### [What is needed]
What you output must be the exact lines from the first line of the data through the one holding "美味しい絞りたて牛乳を頂きな", with no pictures.

Stored items
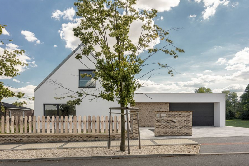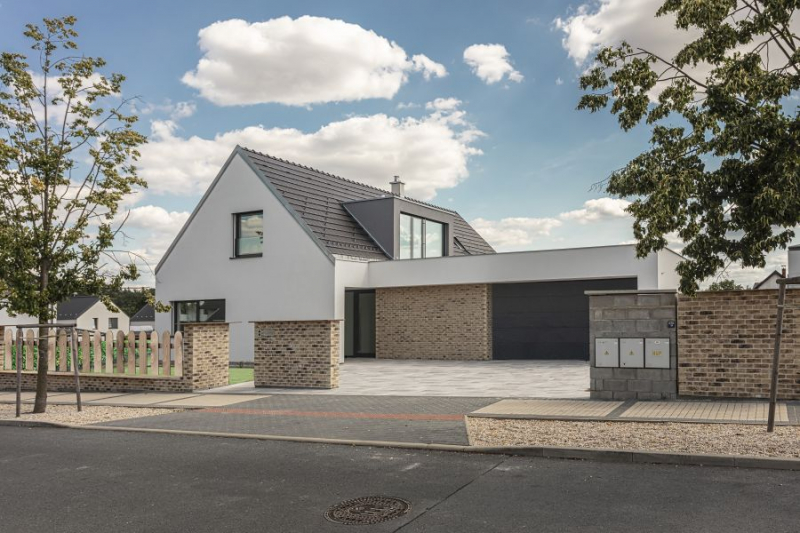 První vzorový e4 dům z programu Wienerberger e4 dům byl pro rodinu investora Ing. Karla Vlčka realizován stavební firmou Harmony SZ, a.s., podle návrhu Ing. arch. Bohumila Brůži, který zvítězil v architektonické soutěži společnosti Wienerberger, jejímž hlavním tématem byla realizace domů s téměř nulovou spotřebou energie (nZEB). Je to dům s celokeramickou obálkou z cihel Porotherm, pálené střešní krytiny Tondach a lícového zdiva Terca. Konstrukčně je využito systému jednovrstvého obvodového zdiva.
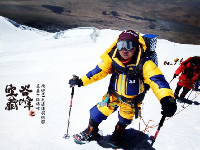 ? ? 天石作为中国户外保暖专家,天石打造出雪线之上登峰必要装备:南迦巴瓦连体羽绒服。
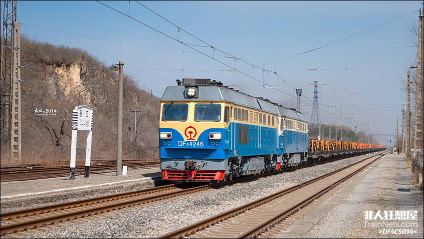 2024年3月,北京西北环线,京局丰段DF4C-4246及京局京段DF4C-4402机车牵引长钢轨列车调中57238次通过寨口车站。
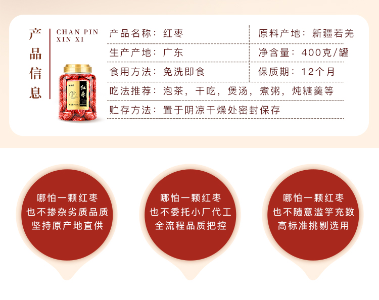 家庭实惠装 福东海 红枣400克/罐装 新疆大枣 皮薄核小干枣
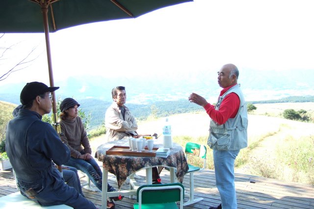 美味しい絞りたて牛乳を頂きながら、眺望のすばらしいオープンデッキで様々な興味深い話をしていただきました。
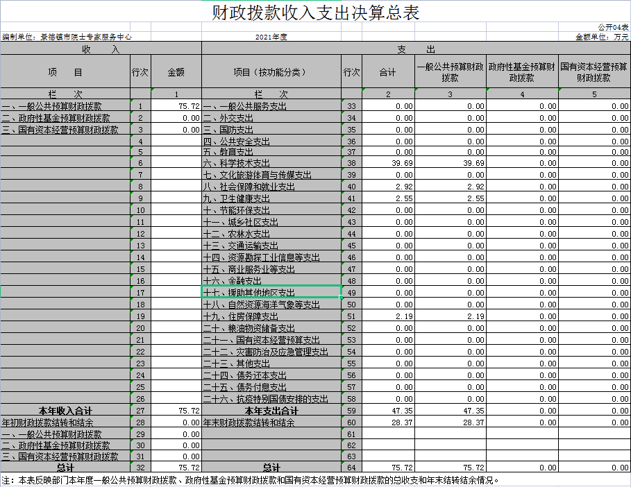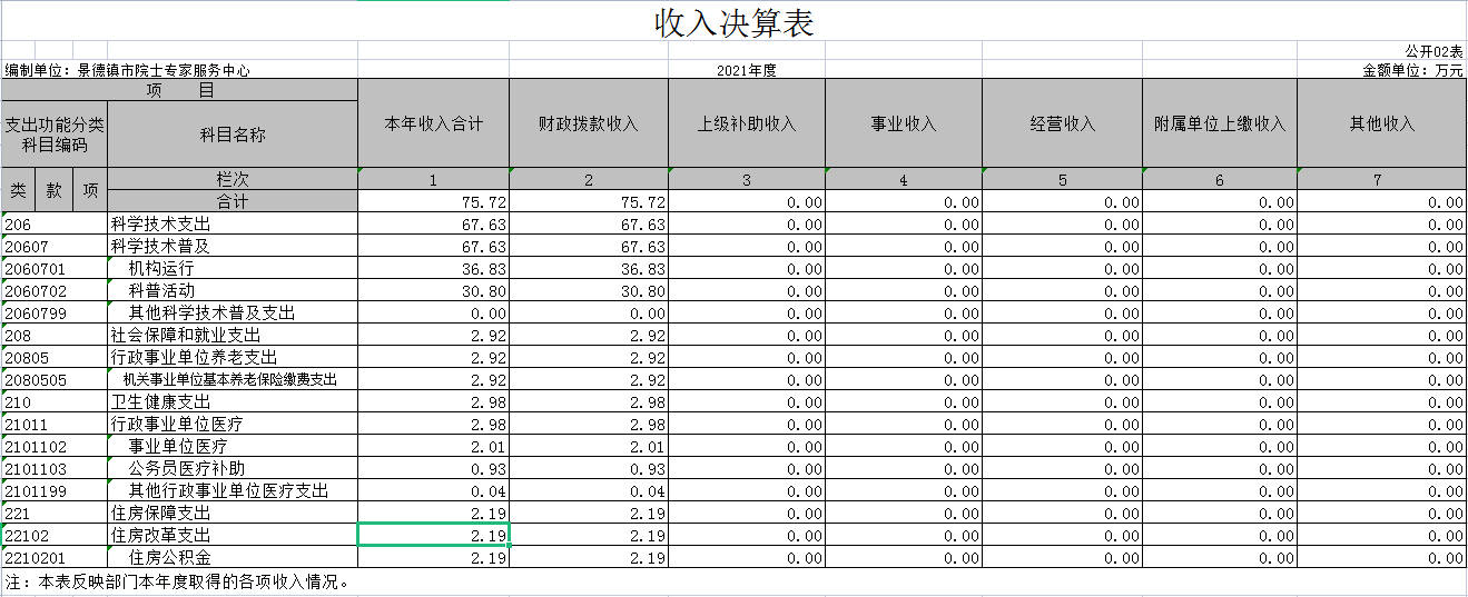 本年收入的具体构成为:财政拨款收入75.72万元,占100%;事业收入0万元,占0%;经营收入0万元,占0%;其他收入0万元,占0%。

### [Solved problem]
 První vzorový e4 dům z programu Wienerberger e4 dům byl pro rodinu investora Ing. Karla Vlčka realizován stavební firmou Harmony SZ, a.s., podle návrhu Ing. arch. Bohumila Brůži, který zvítězil v architektonické soutěži společnosti Wienerberger, jejímž hlavním tématem byla realizace domů s téměř nulovou spotřebou energie (nZEB). Je to dům s celokeramickou obálkou z cihel Porotherm, pálené střešní krytiny Tondach a lícového zdiva Terca. Konstrukčně je využito systému jednovrstvého obvodového zdiva.
 ? ? 天石作为中国户外保暖专家,天石打造出雪线之上登峰必要装备:南迦巴瓦连体羽绒服。
 2024年3月,北京西北环线,京局丰段DF4C-4246及京局京段DF4C-4402机车牵引长钢轨列车调中57238次通过寨口车站。
 家庭实惠装 福东海 红枣400克/罐装 新疆大枣 皮薄核小干枣
 美味しい絞りたて牛乳を頂きながら、眺望のすばらしいオープンデッキで様々な興味深い話をしていただきました。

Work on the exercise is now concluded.